The notice said 26 companies that have been inspected and reported as potential cryptocurrency mining enterprises must be closed down this Sunday by the Sichuan branch of the State Grid Corp of China, the world’s largest electric utility. The Sichuan branch of NDRC, the macroeconomic management agency under the State Council, will supervise the shutdown, while tracking electricity usage and providing daily reports.
Electricity providers are required to investigate their clients and immediately cut off their power supply should they be found to be involved in cryptocurrency mining, according to the order. These providers must report the results of their inspection to the NDRC before June 25.
Sichuan’s initiative makes it the latest cryptocurrency mining hotspot in China to clamp down on the activity.
It follows the lead of northwestern Qinghai province, northern Inner Mongolia region, southwestern Yunnan province and northwestern Xinjiang region in pushing out cryptocurrency mining enterprises.

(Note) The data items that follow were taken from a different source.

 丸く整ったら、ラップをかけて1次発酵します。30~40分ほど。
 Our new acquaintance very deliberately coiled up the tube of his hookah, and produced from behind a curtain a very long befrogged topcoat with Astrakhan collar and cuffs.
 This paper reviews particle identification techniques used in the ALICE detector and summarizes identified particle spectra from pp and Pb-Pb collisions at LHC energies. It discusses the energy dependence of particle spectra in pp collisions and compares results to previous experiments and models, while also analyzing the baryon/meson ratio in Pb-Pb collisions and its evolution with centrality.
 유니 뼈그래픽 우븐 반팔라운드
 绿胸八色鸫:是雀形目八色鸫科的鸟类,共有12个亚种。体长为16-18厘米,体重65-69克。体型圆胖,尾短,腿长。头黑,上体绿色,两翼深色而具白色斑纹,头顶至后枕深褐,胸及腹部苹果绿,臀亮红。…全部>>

Xinjiang is the world’s largest bitcoin mining region by hash rate, a measure of total computational power used to support the bitcoin network, according to the latest estimates from the Cambridge Bitcoin Electricity Consumption Index.

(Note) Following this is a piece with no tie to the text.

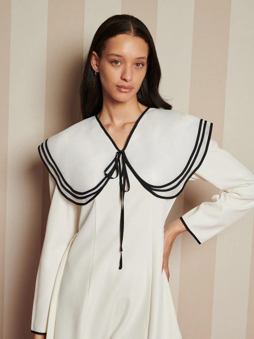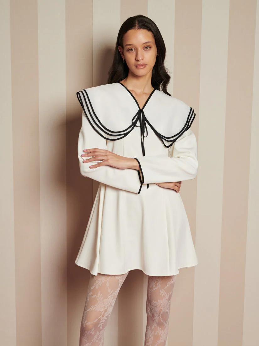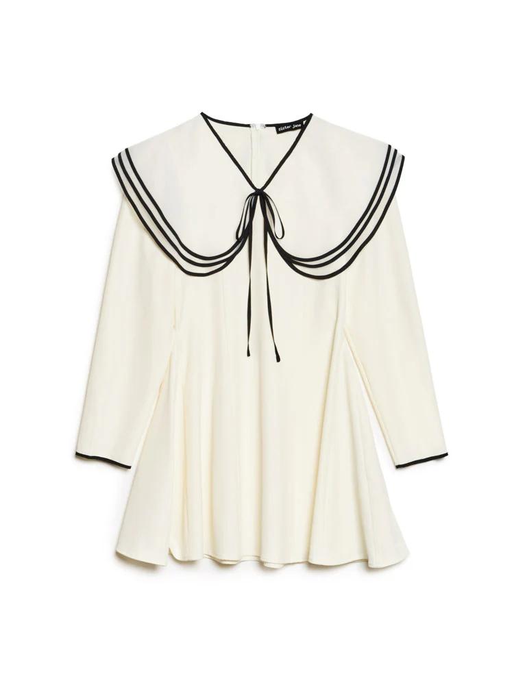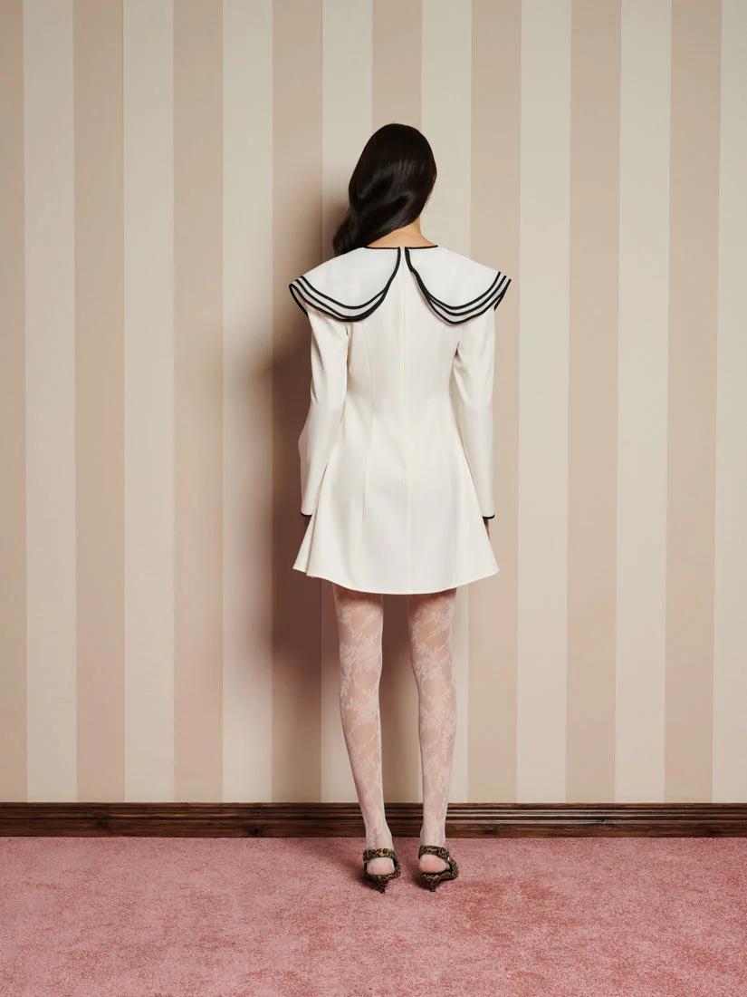 A playful nod to dress-up days, The Porcelain Collar Mini Dress features layers of collars like curtains tied back for the grand reveal.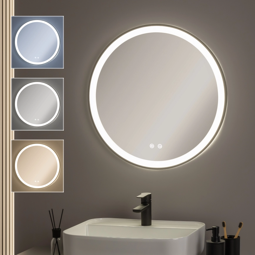 • Brilagi - ALU PRO LED dimeriuojamas šildomas vonios veidrodis su apšvietimu LED/18W/230V skersmuo 60 cm 3000/4000/6500K IP44 blizgus chromas CRI 90

Cryptocurrency mining requires massive amounts of electricity to run the large computer server arrays needed to do the complex calculations required for cryptocurrency transactions, as well as for the air conditioning needed to cool these facilities.

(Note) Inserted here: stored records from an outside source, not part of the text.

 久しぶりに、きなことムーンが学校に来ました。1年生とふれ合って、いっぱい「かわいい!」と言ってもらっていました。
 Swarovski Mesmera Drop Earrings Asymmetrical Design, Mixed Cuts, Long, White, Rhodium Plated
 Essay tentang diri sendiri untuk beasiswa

The central government’s initiative against cryptocurrency mining has come after three Chinese state-backed financial associations jointly issued a warning in May about the risks stemming from bitcoin and other volatile digital tokens.
The government, which has banned financial transactions of bitcoin and other digital tokens since 2019, had turned a blind eye towards the cryptocurrency mining farms in Inner Mongolia, Sichuan, Xinjiang and other mainland locations until recently.
The heavy power consumption of cryptocurrency mining also clashes with China’s vow to reduce carbon dioxide emissions by at least 65 per cent by 2030, relative to 2005 levels, and then achieve carbon neutrality by 2060. Mining bitcoin, for example, uses around 121.36 terawatt-hours a year, which is larger than the total energy used by Argentina, according to a recent report by Cambridge University.